Papers: 3 Jun 2023 - 9 Jun 2023

Basic Science

Animal Studies, Genetics, Molecular/Cellular, Neurobiology, Pharmacology/Drug Development

Neuropathic Pain

2023 Jun 08

Nat Neurosci


Editor's Pick

Oxycodone withdrawal induces HDAC1/HDAC2-dependent transcriptional maladaptations in the reward pathway in a mouse model of peripheral nerve injury.

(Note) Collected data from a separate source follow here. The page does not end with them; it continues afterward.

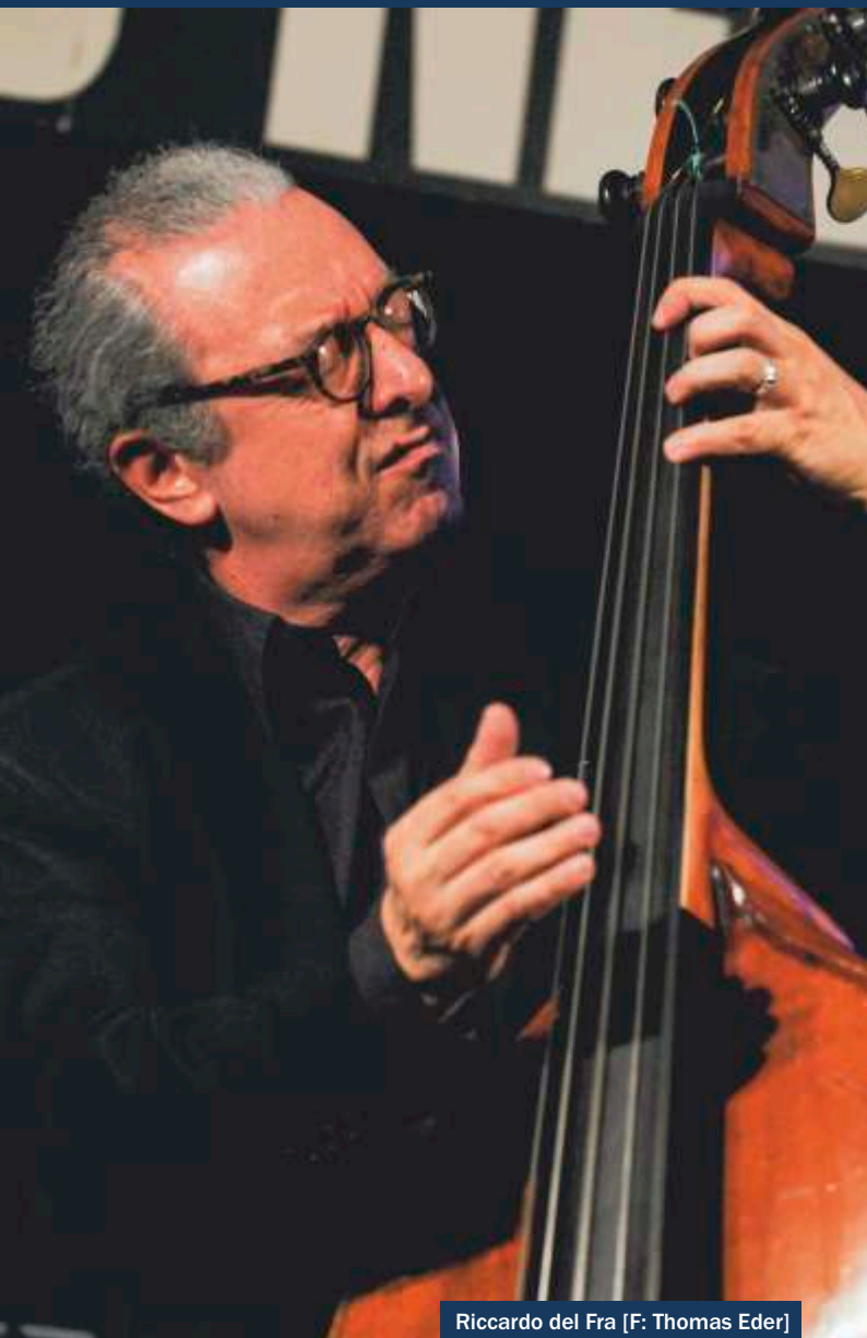
Riccardo del Fra [F: Thomas Eder]
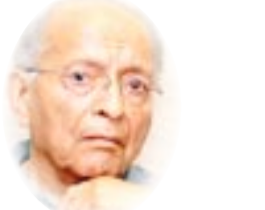
□ د. رفعت السعيد

ثم يتحدى سلامة موسى الجميع فيكتب كتيبا صغيرا من ثلاثين صفحة عنوانه "الاشتراكية" (عام ١٩١٣) ويتبدى الكتابة فيه قائلاً: يدعوني إلى كتابة هذه الرسالة الوجيزة كثرة السخافات والغبوات التي تحكي عن الاشتراكية. فغرضي الأول منها تنوير الرأي العام عن ماهيتها مع بيان اغراض الاشتراكيين في أوروبا وأميركا ونكر ماأثرهم في التشريع وما وصلت اليه حالة العمال من الرفاهية بمساعيهم ولكننا من البداية نقرر اننا ازاء كتابة فابية تنفي عن نفسها اية مسحة ثورية، فهو يبدأ كتابه قائلاً "ولست طامعا أن تعد هذه الرسالة دعوة للجمهور الي الاشتراكية ولا أن تكون سببا في تأليف حزب أو جمعية، ولكني اطرحها امام الجمهور القارئ عسى أن تكون خميرة تختصر بها الأفكار إلى حين تستعد البلاد للاشتراكية(ص5). ونقرأ في فابية تأثر بها تأثرا مباشرا ومكثفا من برنارد شو، فهو يعتبر تملك الحكومة المصرية لمرافق السكك
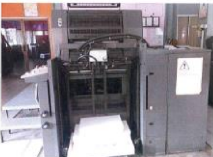
2.3 PANDANGAN BELAKANG
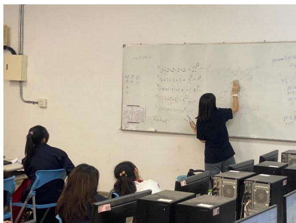
說明：多樣化課程設計－ 數學科電腦教室上機操作因材網 教師講解迷思概念

Pryce KD, Serafini RA, Ramakrishnan A, Nicolais A, Giosan IM, Polizu C, Torres-Berrío A, Vuppala S, Kronman H, Ruiz A, Gaspari S, Peña CJ, Sakloth F, Mitsi V, van Duzer J, Mazitschek R, Jarpe M, Shen L, Nestler EJ, Zachariou V


The development of physical dependence and addiction disorders due to misuse of opioid analgesics is a major concern with pain therapeutics. We developed a mouse model of oxycodone exposure and subsequent withdrawal in the presence or absence of chronic neuropathic pain. Oxycodone withdrawal alone triggered robust gene expression adaptations in the nucleus accumbens, medial prefrontal cortex and ventral tegmental area, with numerous genes and pathways selectively affected by oxycodone withdrawal in mice with peripheral nerve injury. Pathway analysis predicted that histone deacetylase (HDAC) 1 is a top upstream regulator in opioid withdrawal in nucleus accumbens and medial prefrontal cortex. The novel HDAC1/HDAC2 inhibitor, Regenacy Brain Class I HDAC Inhibitor (RBC1HI), attenuated behavioral manifestations of oxycodone withdrawal, especially in mice with neuropathic pain. These findings suggest that inhibition of HDAC1/HDAC2 may provide an avenue for patients with chronic pain who are dependent on opioids to transition to non-opioid analgesics.